### Assignment
Copy the records below exactly, starting at the line that contains "1. Fill out" and ending at the line that contains "Rwp/% | Rexp/% | |"; leave out any pictures.

### Source records
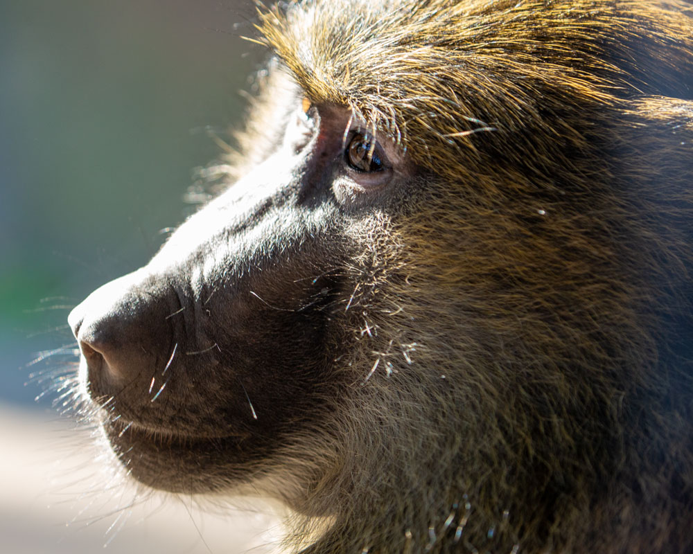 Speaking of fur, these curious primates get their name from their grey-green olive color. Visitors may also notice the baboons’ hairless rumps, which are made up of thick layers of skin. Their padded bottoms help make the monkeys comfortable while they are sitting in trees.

* * *

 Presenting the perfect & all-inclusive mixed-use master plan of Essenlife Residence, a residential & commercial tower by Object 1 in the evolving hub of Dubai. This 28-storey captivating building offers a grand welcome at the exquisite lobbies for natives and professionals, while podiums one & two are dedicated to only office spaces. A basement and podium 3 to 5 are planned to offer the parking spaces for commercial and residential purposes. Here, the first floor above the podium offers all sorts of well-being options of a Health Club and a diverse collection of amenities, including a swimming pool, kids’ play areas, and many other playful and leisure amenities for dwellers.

...

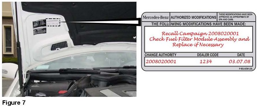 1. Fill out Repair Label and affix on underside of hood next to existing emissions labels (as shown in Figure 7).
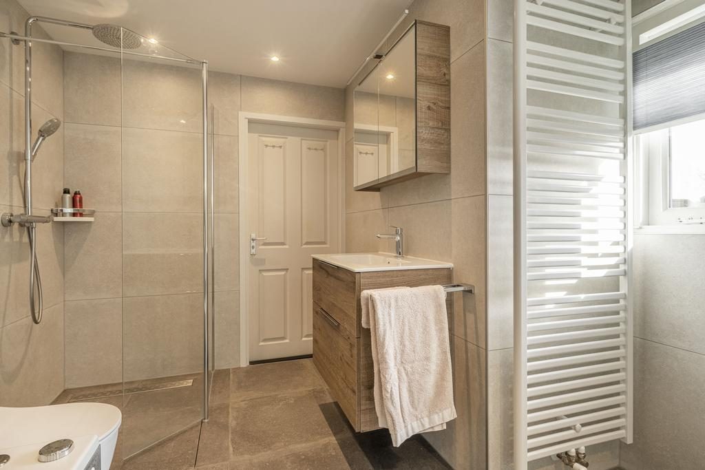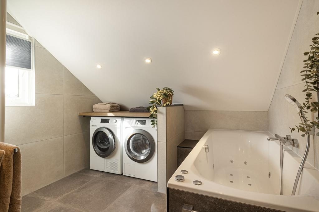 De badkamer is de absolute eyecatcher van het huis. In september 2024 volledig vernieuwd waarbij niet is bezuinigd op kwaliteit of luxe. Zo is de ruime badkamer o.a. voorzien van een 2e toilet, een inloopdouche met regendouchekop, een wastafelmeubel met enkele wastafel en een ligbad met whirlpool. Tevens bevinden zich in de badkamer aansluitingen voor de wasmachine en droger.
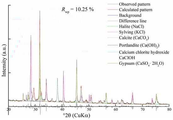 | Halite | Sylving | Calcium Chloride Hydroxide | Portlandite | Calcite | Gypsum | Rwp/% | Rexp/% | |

### Result below
 1. Fill out Repair Label and affix on underside of hood next to existing emissions labels (as shown in Figure 7).
 De badkamer is de absolute eyecatcher van het huis. In september 2024 volledig vernieuwd waarbij niet is bezuinigd op kwaliteit of luxe. Zo is de ruime badkamer o.a. voorzien van een 2e toilet, een inloopdouche met regendouchekop, een wastafelmeubel met enkele wastafel en een ligbad met whirlpool. Tevens bevinden zich in de badkamer aansluitingen voor de wasmachine en droger.
 | Halite | Sylving | Calcium Chloride Hydroxide | Portlandite | Calcite | Gypsum | Rwp/% | Rexp/% | |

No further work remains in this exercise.